A bill making changes to Florida’s Stand Your Ground law is now headed to the Senate floor, after passing its last committee Thursday. One of its ardent supporters is Marissa Alexander—the Jacksonville woman who faced 60 years in prison for firing a warning shot in an alleged domestic dispute.
It’s been about two weeks since Alexander finished serving out her house arrest—thanks to a plea deal. One of her first acts as a free woman: speaking at a Senate hearing about initially receiving a mandatory 20-year prison term for firing the warning shot.

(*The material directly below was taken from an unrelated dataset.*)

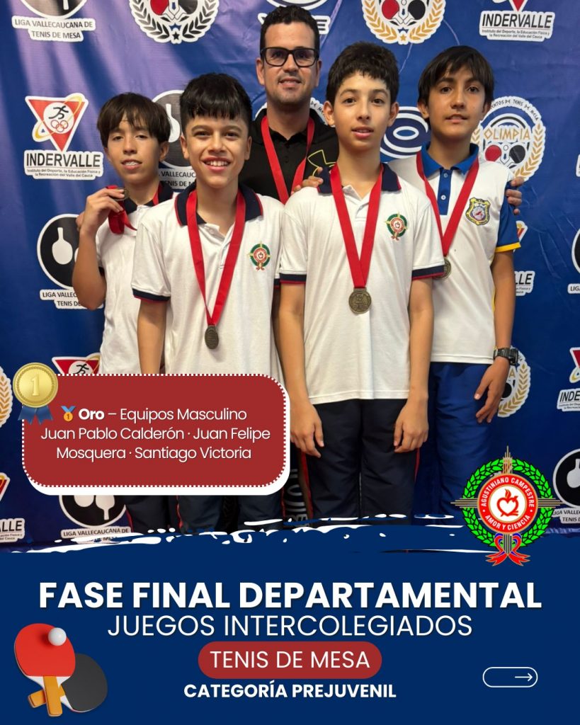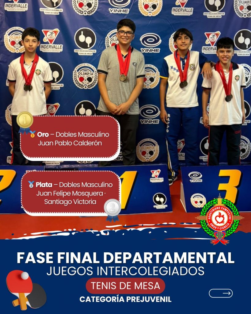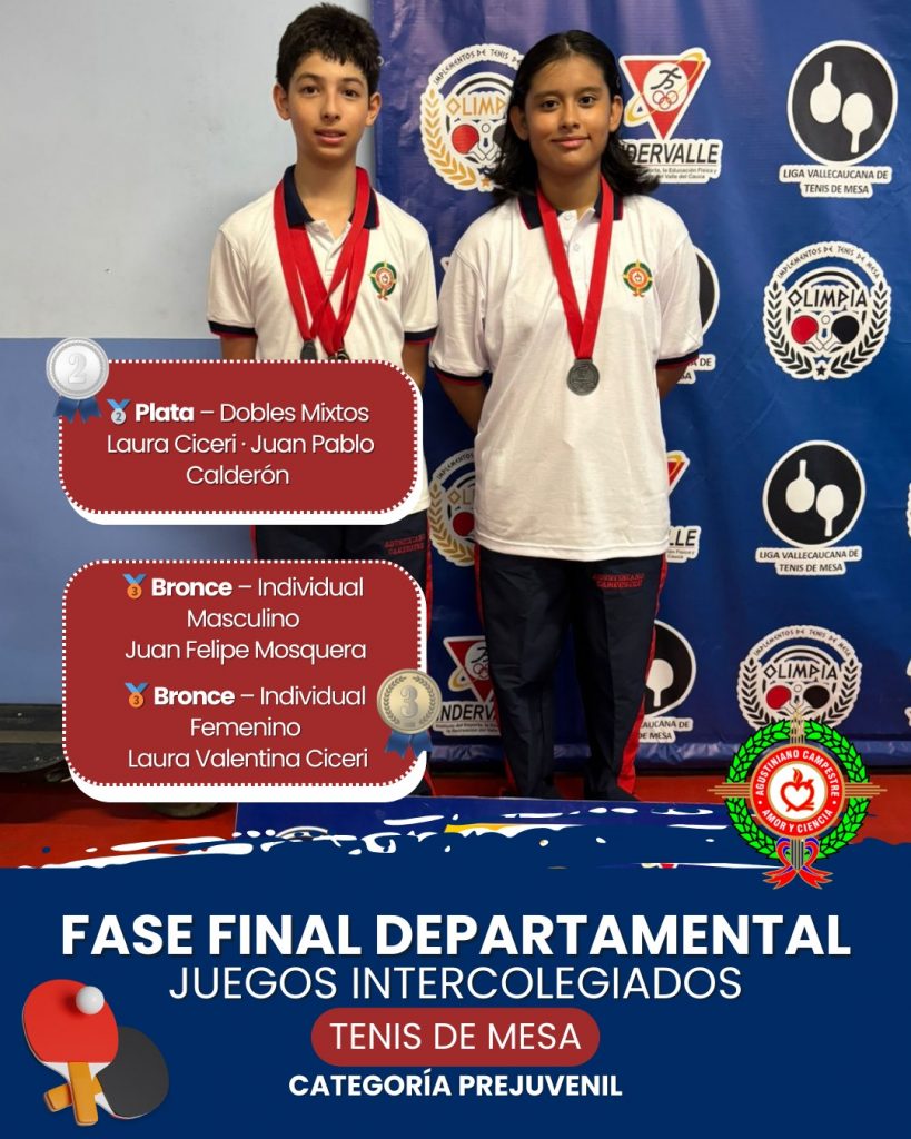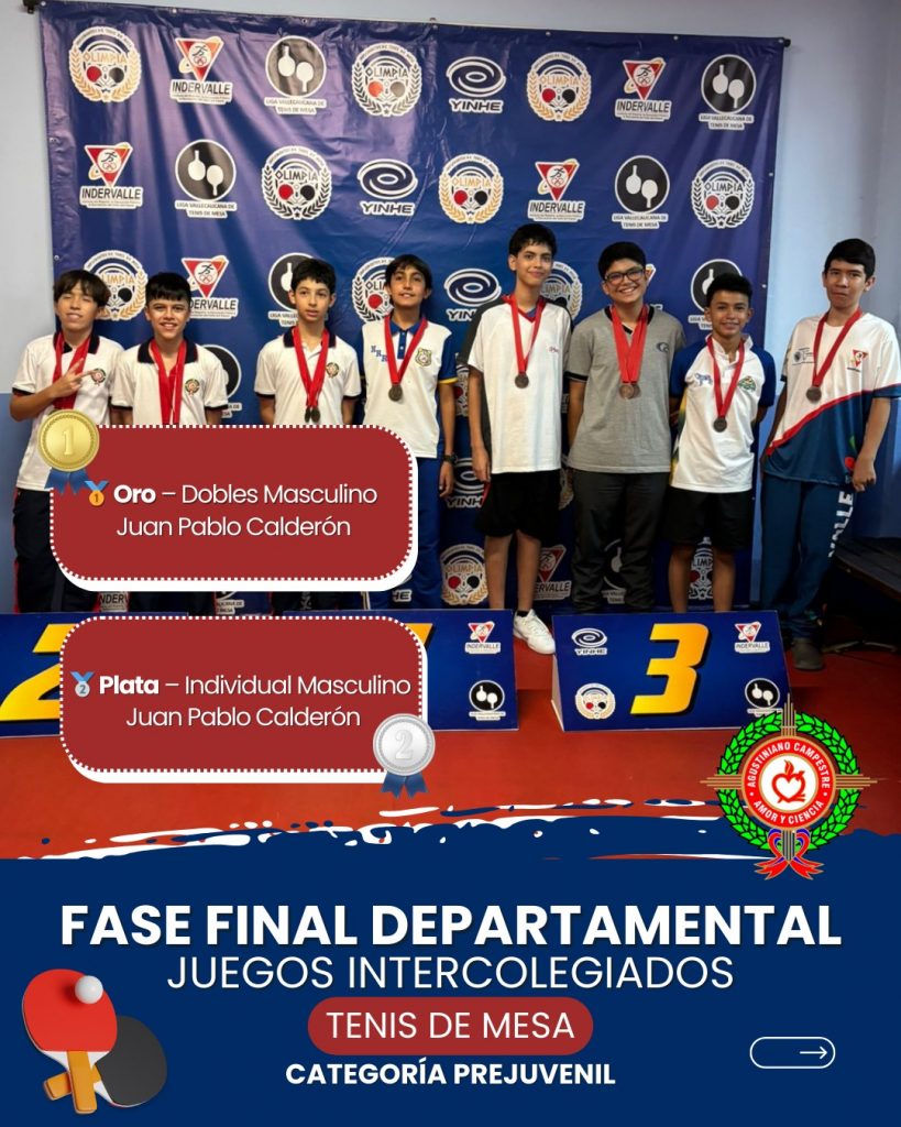 Nuestros estudiantes brillaron con disciplina, talento y pasión en la Fase Final Departamental de Tenis de Mesa – Categoría Prejuvenil, dejando en alto el nombre del Colegio Agustiniano Campestre.

“So, for me, one shot in a 12-minute verdict got me 20 years in my home, concealed weapons license, white collar worker who had just given birth to a 8-month-old, 4 pound, 12 ounce, premature baby,” Alexander said to members of the Senate Rules committee.
Alexander’s case had gone to trial because she couldn’t prove her self-defense claim was justified during her Stand Your Ground immunity hearing. Alexander says she even testified—which she says is unfair.
“Putting a defendant in the position where they have to bear the burden of proof, in my opinion, removes your constitutional right of the Fifth Amendment, which is you do not have to testify,” she added.
Sen. Rob Bradley (R-Fleming Island) feels the same way. So, his bill shifts that burden to prosecutors during the immunity hearing. Opponents argue it’s unnecessary, and goes against the Florida Supreme Court’s 2015 decision that prosecutors shouldn’t have to prove their case twice.